Hedges lack protection

23 April 1999




Hedges lack protection

ENVIRONMENTAL controls to protect hedgerows and field boundaries should be applied to all farm subsidies, claims the Council for the Protection of Rural England (CPRE).

In a new report, Hedging Your Bets, the CPRE says current hedgerow legislation fails to protect many of Englands important hedges and needs substantial revision. Its reliance on national standards failed to take account of significant regional variations, leaving fewer than one in four hedges protected by the law.

Important hedgerows are being lost because of the gaps in the regulations, said Kaley Hart, CPRE rural policy officer.

"The report demonstrates the need for new primary legislation to provide better protection across the whole of the countryside," she said.

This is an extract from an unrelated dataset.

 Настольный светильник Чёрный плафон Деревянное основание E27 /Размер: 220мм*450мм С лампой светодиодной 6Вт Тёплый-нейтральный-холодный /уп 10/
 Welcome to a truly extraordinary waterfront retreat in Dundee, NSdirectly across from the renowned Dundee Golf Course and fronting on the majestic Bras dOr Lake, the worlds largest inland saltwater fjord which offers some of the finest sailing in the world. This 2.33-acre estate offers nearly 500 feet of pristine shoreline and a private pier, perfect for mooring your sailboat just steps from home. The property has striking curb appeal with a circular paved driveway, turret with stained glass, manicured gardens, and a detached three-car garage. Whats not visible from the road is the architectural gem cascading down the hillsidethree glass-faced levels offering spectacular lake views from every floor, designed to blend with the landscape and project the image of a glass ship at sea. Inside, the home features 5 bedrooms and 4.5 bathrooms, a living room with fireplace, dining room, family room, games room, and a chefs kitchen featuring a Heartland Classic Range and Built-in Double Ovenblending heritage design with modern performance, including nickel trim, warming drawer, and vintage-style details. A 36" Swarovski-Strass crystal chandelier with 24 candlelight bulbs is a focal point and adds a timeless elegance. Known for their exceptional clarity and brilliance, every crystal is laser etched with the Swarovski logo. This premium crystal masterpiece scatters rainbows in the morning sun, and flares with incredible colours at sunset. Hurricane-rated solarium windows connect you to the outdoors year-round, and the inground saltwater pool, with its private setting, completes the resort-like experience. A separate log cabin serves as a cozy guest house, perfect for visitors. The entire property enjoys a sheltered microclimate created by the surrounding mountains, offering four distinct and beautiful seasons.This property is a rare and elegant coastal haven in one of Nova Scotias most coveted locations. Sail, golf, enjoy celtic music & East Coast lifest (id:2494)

As well as tighter legislation, the report concludes that "a system of environmental conditions relating to the protection of field boundaries should be applied to the payment of all farm subsidies".

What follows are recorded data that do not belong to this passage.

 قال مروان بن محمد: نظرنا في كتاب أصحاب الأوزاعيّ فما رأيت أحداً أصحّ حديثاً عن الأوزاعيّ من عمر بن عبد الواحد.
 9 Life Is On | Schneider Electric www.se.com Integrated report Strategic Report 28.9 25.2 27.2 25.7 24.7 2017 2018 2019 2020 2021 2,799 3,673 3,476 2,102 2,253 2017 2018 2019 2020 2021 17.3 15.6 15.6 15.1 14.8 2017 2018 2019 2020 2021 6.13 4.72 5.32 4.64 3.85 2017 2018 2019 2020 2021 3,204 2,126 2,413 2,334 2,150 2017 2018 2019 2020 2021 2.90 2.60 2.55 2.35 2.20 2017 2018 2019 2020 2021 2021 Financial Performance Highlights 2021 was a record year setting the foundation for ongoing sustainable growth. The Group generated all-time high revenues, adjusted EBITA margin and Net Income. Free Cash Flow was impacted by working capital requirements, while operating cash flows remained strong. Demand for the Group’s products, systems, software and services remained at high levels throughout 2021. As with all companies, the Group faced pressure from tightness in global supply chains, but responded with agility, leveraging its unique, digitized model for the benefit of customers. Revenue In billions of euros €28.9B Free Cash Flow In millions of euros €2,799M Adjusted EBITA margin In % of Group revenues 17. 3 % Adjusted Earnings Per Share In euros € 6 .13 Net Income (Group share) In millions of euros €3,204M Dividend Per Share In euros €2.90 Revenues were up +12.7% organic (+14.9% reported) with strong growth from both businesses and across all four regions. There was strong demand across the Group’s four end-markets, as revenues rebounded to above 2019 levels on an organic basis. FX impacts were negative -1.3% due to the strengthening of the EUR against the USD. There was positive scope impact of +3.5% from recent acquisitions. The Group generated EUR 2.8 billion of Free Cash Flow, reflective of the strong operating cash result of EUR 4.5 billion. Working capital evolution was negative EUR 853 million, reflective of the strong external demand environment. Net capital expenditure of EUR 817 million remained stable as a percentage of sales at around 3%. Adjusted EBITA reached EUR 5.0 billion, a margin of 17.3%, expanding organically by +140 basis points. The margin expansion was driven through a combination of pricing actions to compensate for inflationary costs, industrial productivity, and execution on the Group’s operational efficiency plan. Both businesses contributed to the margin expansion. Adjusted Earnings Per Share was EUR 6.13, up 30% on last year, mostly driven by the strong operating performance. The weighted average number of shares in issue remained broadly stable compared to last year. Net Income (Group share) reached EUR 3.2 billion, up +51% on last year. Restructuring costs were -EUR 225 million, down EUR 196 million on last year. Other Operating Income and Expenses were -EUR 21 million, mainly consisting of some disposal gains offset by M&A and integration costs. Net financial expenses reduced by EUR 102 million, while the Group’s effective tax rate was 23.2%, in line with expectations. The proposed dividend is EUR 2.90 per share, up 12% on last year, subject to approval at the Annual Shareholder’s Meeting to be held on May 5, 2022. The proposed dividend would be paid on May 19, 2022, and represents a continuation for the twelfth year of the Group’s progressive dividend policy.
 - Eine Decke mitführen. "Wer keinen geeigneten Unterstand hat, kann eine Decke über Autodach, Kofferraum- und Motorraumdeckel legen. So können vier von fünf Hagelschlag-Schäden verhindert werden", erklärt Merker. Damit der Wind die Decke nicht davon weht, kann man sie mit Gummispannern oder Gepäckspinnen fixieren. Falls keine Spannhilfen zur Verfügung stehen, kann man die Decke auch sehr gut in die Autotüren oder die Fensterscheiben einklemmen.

But the NFU rejected the claims. "All hedgerow removals are subject to notification and our own surveys show that in some areas 60-80% of hedges are protected," a spokesman said.

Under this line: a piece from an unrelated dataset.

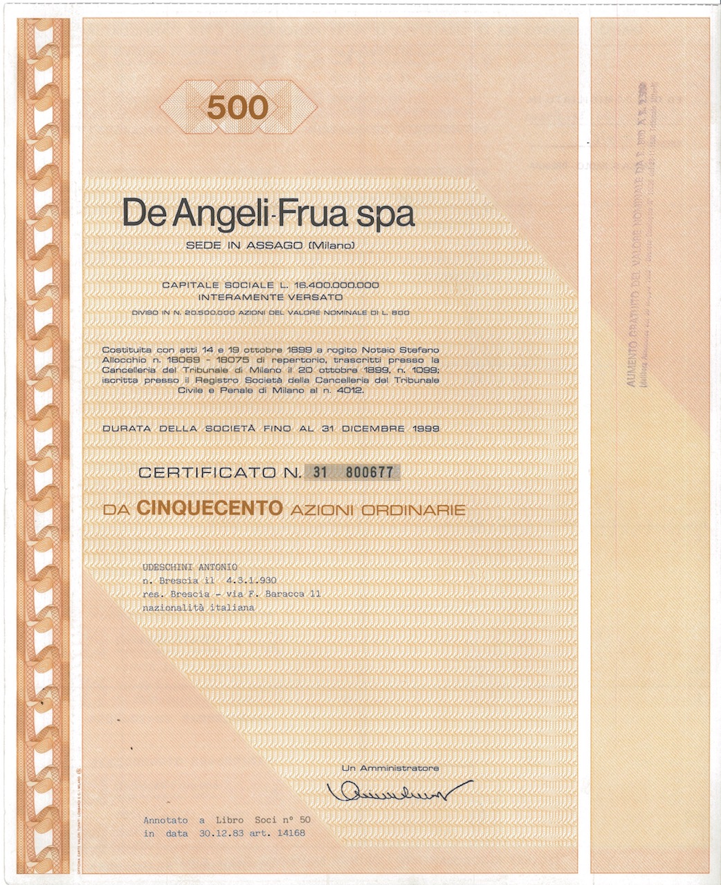 K-10172De Angeli-Frua Soc. per l’Industria dei Tessuti Stampati SpA-11Officina Carte Valori Turati Lombardi e C. - MilanoMilano1983500 azioniR1 (Più di 5000 pezzi)S1 (da 0 a 25 €)

Advice and incentives rather than tighter regulations would better ensure the long term management of hedges, he added.

Nevertheless, tighter regulations seem inevitable.

The Department of the Environment, Transport and the Regions has already carried out field-scale research on improving the system of protecting hedgerows.

A report is now with the environment minister Michael Meacher who is expected to release a new consultation paper later in the year.